Symptoms of a brain tumor can be specific (symptoms caused by the tumor itself) or general (symptoms caused by the pressure of the tumor on the brain or spinal cord). Most people are only diagnosed with a brain tumor after experiencing problems such as headaches, issues with motor control, or even personality changes.

  • Headaches, which may be severe and worsen with activity or in the early morning
  • Seizures, including
    • motor seizures / convulsions
    • myoclonic seizures that are single or multiple muscle twitches, jerks, spasms
    • Tonic-clonic (or Grand Mal) seizures that can include a loss of consciousness, loss of body tone, followed by twitching and contraction of the muscles, loss of control of body functions, such as loss of bladder control, a short (30-second or less) period of no breathing that can cause a person’s skin to turn a shade of blue, purple, gray, white, or green. After this type of seizure, a person may be sleepy and experience a headache, confusion, weakness, numbness, and sore muscles.
    • Change in sensation, vision, smell, and/or hearing without losing consciousness
    • May cause a loss of awareness or a partial or total loss of consciousness
    • May be associated with repetitive, unintentional movements, such as twitching
    • Pressure or headache near the tumor
    • Loss of balance and difficulty with fine motor skills (linked with a tumor in the cerebellum)
    • Changes in judgment, including loss of initiative, sluggishness, and muscle weakness or paralysis (linked with a tumor in the frontal lobe of the cerebrum)
    • Partial or complete loss of vision ( linked to a tumor in the occipital lobe or temporal lobe)
    • Changes in speech, hearing, memory, or emotional state, such as aggressiveness and problems understanding or retrieving words (linked with a tumour in the frontal and temporal lobe)
    • Altered perception of touch or pressure, arm or leg weakness on 1 side of the body, or confusion with left and right sides of the body (linked with a tumor in the frontal or parietal lobe)
    • Inability to look upward (linked with a tumor in the pineal gland)
    • Lactation, which is the secretion of breast milk, and altered menstrual periods in women, and growth in hands and feet in adults (linked with a tumor in the pituitary gland)
    • Difficulty swallowing, facial weakness or numbness, or double vision (linked with a tumor in the brain stem)
    • Vision changes, including loss of part of the vision or double vision (linked with a tumor in the temporal lobe, occipital lobe, or brain stem)

    Brain Cancer Types

    Not all brain tumors are malignant with growths such as chordomas, craniopharyngiomas and meningiomas (to name only a few) being benign. Types of malignant brain tumors are gliomas – the most prevalent type of adult brain tumor that accounts for 78 percent of malignant brain tumors. They arise from the supporting cells of the brain, called the glia, that are cells subdivided into astrocytes, ependymal cells and oligodendroglial cells (or oligos). Glial tumors include the following:

    Astrocytomas: The most common type of glioma, accounting for about half of all primary brain and spinal cord tumors and may develop in people of all ages and sexes. They develop from the star-shaped astrocytes that form part of the supportive tissue of the brain. Astrocytomas are most commonly found in the cerebrum, although it can also occur in other parts of the brain.
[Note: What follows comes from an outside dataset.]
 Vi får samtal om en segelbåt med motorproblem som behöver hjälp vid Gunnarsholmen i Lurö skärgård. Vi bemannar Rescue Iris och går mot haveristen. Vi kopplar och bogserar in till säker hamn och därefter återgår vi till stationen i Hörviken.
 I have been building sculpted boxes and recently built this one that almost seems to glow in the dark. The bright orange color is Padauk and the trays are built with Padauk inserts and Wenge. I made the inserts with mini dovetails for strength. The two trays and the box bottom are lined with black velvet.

    Ependymomas: These tumors are derived from a neoplastic transformation of the ependymal cells that line the ventricular system. Ependymomas account for two to three percent of all brain tumors. Most are well-defined, but some are not.

    Glioblastoma multiforme (GBM): GBMs are the most invasive type of glial tumor, and may be composed of several kinds of cells, such as astrocytes and oligodendrocytes. These tumors tend to grow rapidly, spread rapidly to other tissues, and have a poor prognosis. GBMs is more common in people ages 50 to 70 and are more prevalent in men than women.
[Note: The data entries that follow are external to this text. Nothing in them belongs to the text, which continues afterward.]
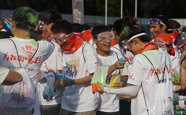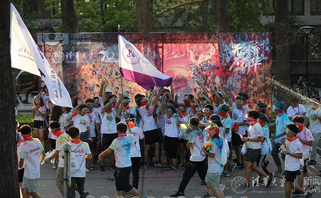 下午四时,以“‘清’春奔跑,为祖国喝‘彩’”为主题的2019年清华大学阳光彩跑活动正式开跑,3200余名师生参与其中。本次彩跑将爱国主题融入其中,在沿途站点设置了“新中国成立”“第一颗原子弹爆炸”“东方红一号发射成功”“港澳回归”“北京奥运会”“FAST天眼工程”和“新中国成立七十周年”七大主题展区,让同学们在欢乐奔跑中回顾新中国成立以来取得的伟大成就,为祖国庆生。
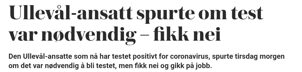 Vi har ellers fått 6 tilfeller og mulig litt flere komer fra Ullevål sykehus , en får se an tester av de 4 som får test på sykehuset. Men med ca 5000 ut og inn av porten om dagen så kan det kanskje dukke opp flere derifra også senere.
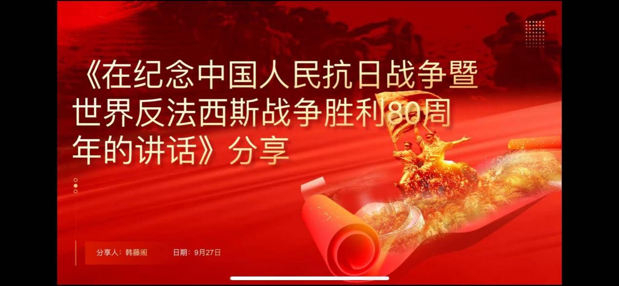 2025年9月25日,Acfan 习近平新时代中国特色社会主义思想学习读书小组第六十期活动以《习近平在纪念中国人民抗日战争暨世界反法西斯战争胜利80周年大会上的讲话》为主题进行学习研讨。本次读书会由Acfan 鲁杰思政课工作室主办,Acfan 赵海霞教授作为对话教师应邀参与,Acfan 硕士生李红霞同学主持,通过线上线下相结合的方式,设置线下分会场,邀请导读同学、对话教师、硕博研究生、本科生在学院楼208室交流学习。
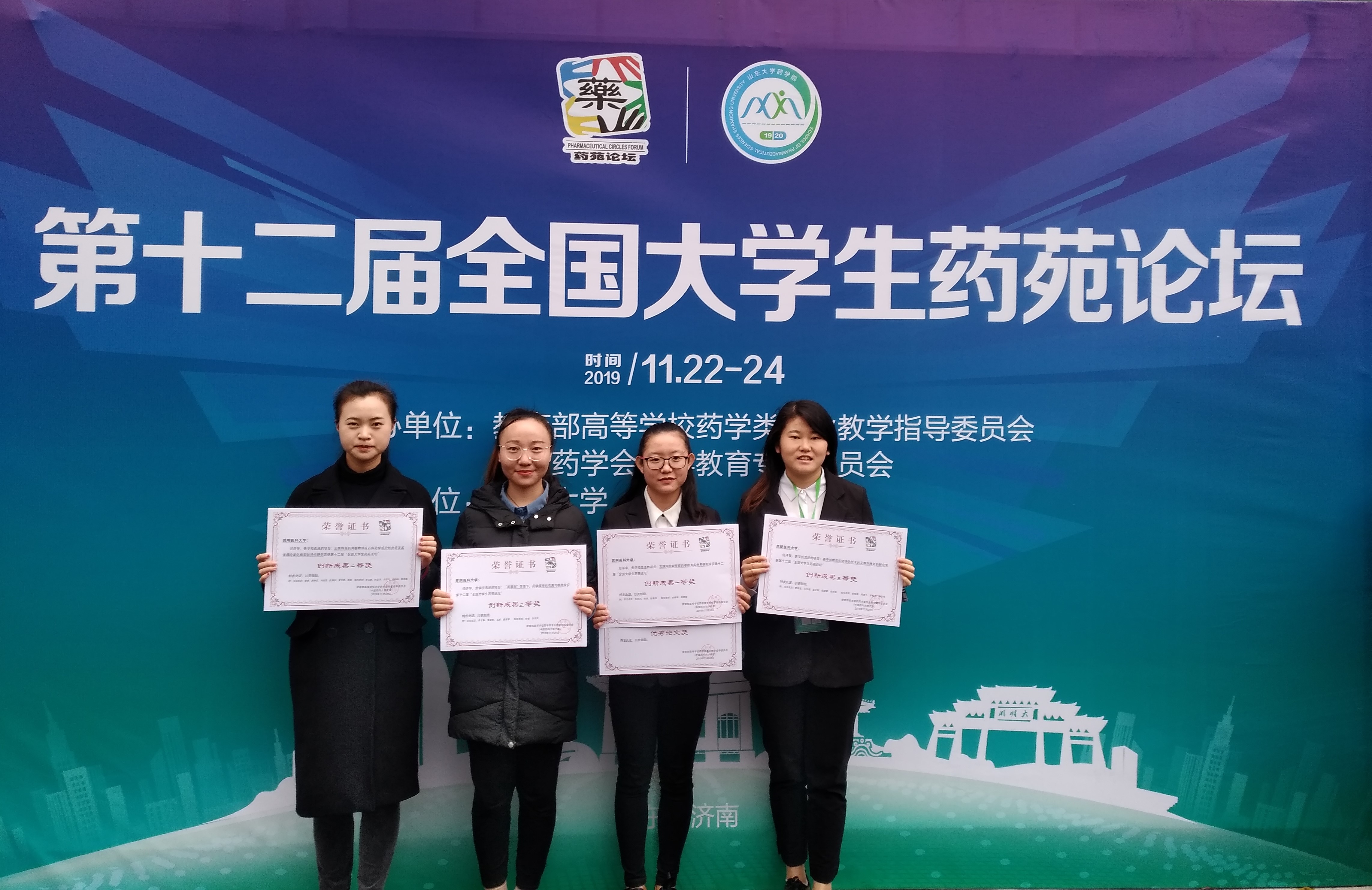 11月22至24日,由教育部高等学校药学类专业教学指导委员会和中国药学会药学教育专业委员会主办、山东大学承办的第十二届“全国大学生药苑论坛”在济南召开,来自全国110余所院校的近600名师生参加了论坛,其中195名学生提交了参赛作品。通过壁报交流、论文评选、学生答辩等环节,我校药学院选派的4名学生全部获奖。其中张欣月获创新成果一等奖、杨婧获创新成果二等奖、李才静和曹锦雪均获创新成果三等奖,张欣月还同时获优秀论文奖。

    Medulloblastomas: Usually occurring in the cerebellum, medulloblastomas are most frequently diagnosed in children. They are high-grade tumors, but they are usually responsive to radiation and chemotherapy.

    Oligodendrogliomas: These tumors are derived from the cells that make myelin, which is the insulation for the wiring of the brain. They are most commonly found in the white matter and the outer layer of the brain, called the cortex, but can form anywhere in the CNS. Oligodendrogliomas can occur at any age but is most often diagnosed in people between the ages of 35 and 44, and is rare in children. Men also seem to be at higher risk compared to women.

    Pediatric Brain Tumors
    • Medulloblastomas
    • Low-grade astrocytomas (pilocytic)
    • Ependymomas
    • Craniopharyngiomas
    • Brainstem gliomas.

    Brain Cancer Medications & Treatments

    If colon cancer develops, many treatments are available to help control it and usually comprises a combination of procedures and medications. Treatment options and recommendations usually depend on several factors, including the type and stage of cancer, treatment side effects, and the patient’s preferences and overall health.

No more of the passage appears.